Earlier than week many of you may have tried to use your account only to find that your entire was suspended.  For no reason other than what can best be described as a computer glitch, Uber cancelled tens of thousands of accounts, mostly accounts that were loaded with gift cards or Uber cash. 
 
Considering the amount of cards that were sold over the past few months at a discount via many retailers, the sheer scale of this #UberGate scandal was massive. 
 
The Uber Support Twitter handle was throttled with angry users from all over the USA and the world wondering what happened to their accounts. 
 
In the past couple of days, Uber fell on their sword (kind of) and sent out an email to all of those users that were affected. 
 
 
So, a $10 discount, twice, for the potential loss of hundreds of dollars. I suppose that Uber didn’t really have to do anything considering now the accounts have been restored, but it’s sign of good faith is a little something to try and woo those people back from the clutches of Lyft. 
 
The $10 discount is valid until March 30th 2020 so if you’re going to trust Uber again, make sure to use these discounts soon. 

The Uber Support Dilemma

Uber doesn’t have a phone umber to call for assistance.
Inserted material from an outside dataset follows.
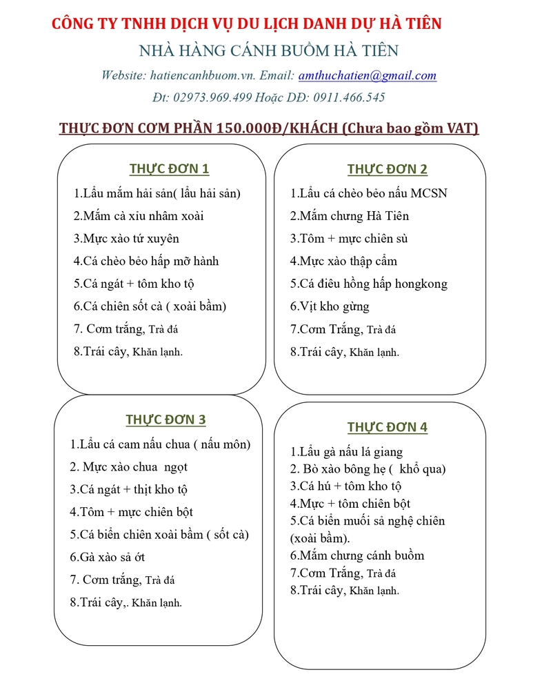 Để xem chi tiết Thực đơn cơm phần của Nhà hàng, vui lòng truy cập vào đường link bên dưới...

If you have any issues with your account whatsoever, you’re relegated to an automated email system, a twitter account, and an offshore customer service center. 
 
Often replying with copy and paste remarks, getting a resolution can be frustrating at best. 
 

 
I love that I can call most companies and have someone to discuss my issues with pleade my case at least, but in the case of Uber that’s not an option. 

Buyer beware 

This serves as a reminder that we are often at the mercy of these large corporations with no real outlet or recompense in case something does happen. 
 
When you buy an Uber gift card, you’re hoping that the company doesn’t go under, that your funds don’t disappear, and that you’re able to access them when you need. 
 

 
This glitch should serve as a reminder for everyone that the money is not yours. You are buying a digital currency that the company can remove from your account at any time for any reason. Pound your fists on the table in vain. Deep down n the terms and conditions that you blindly accept you give up any right to that money if the company decides that you did something  wrong. 
 
While a 10 or 15 percent discount is enticing, you should only up the amount of cards that you plan to use in the immediate future, as banking cash in an account that really isn’t yours is not a smart move.